Thursday, 16 August 2012

Experience designing the simplest CPU

With a textbook, good Altera Quartus II tutorial, from the vendor,
Terasic for the DE2-115, I thought I can easily design and test the
mano risc cpu.

In just a few hours, finished, but on compiling, no output at all.
Spent the next few hours deleting parts one by one, and yet, until
only the PLL oscillator left, still no output. The PLL was the same as
in the tutorial and yet no problem previously. Whatever the probem, it
was not due to the design. Must be some sort of licensing problems. I
use the free web edition of the Altera Quartus using the Megawizard
functions, in Verilog. The vendor tutorial uses Verilog.

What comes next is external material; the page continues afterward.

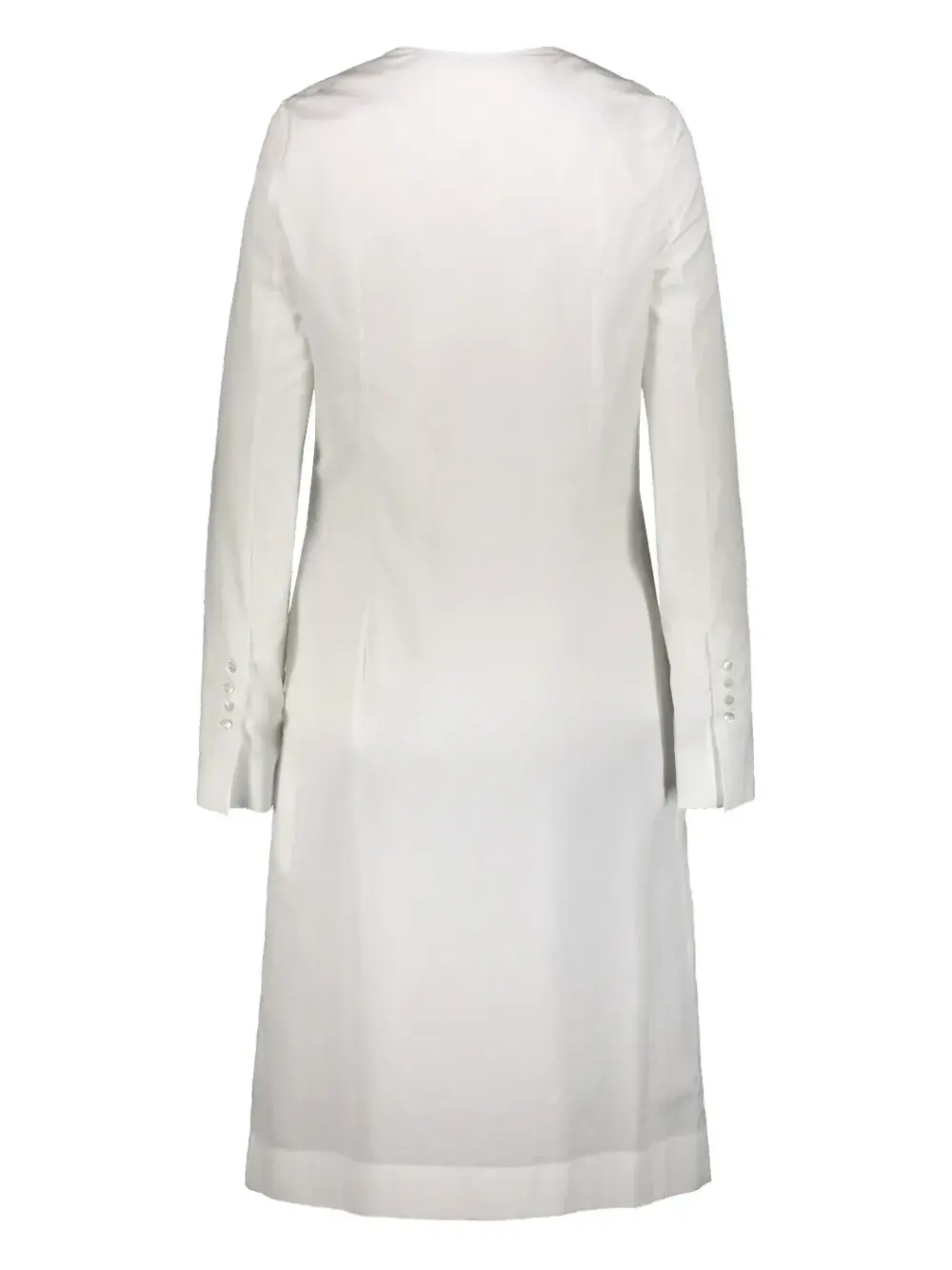Белый цвет, нагрудные карманы, манжеты на пуговицах, передняя застёжка на пуговицах до середины, длинные рукава

The mano risc design looked simple until we actually implement it.
risc design requires 3-port RAM. Altera free edition only provides 2-
ported RAM. Luckily searching the internet provides inspiration for a
3-port design using a 2-ported RAM. No wonder RISC style of GP
registers was not popular in the early days. This 3-port design is
also the secret of RISC performance.

The book is almost complete, except the PC portion. Initially I wanted
to simplify it by using only branch on zero only, but adding the
negative condition is simple. I don't think it is wise to implement a
relative jump so I changed it to just offset jump, like PIC.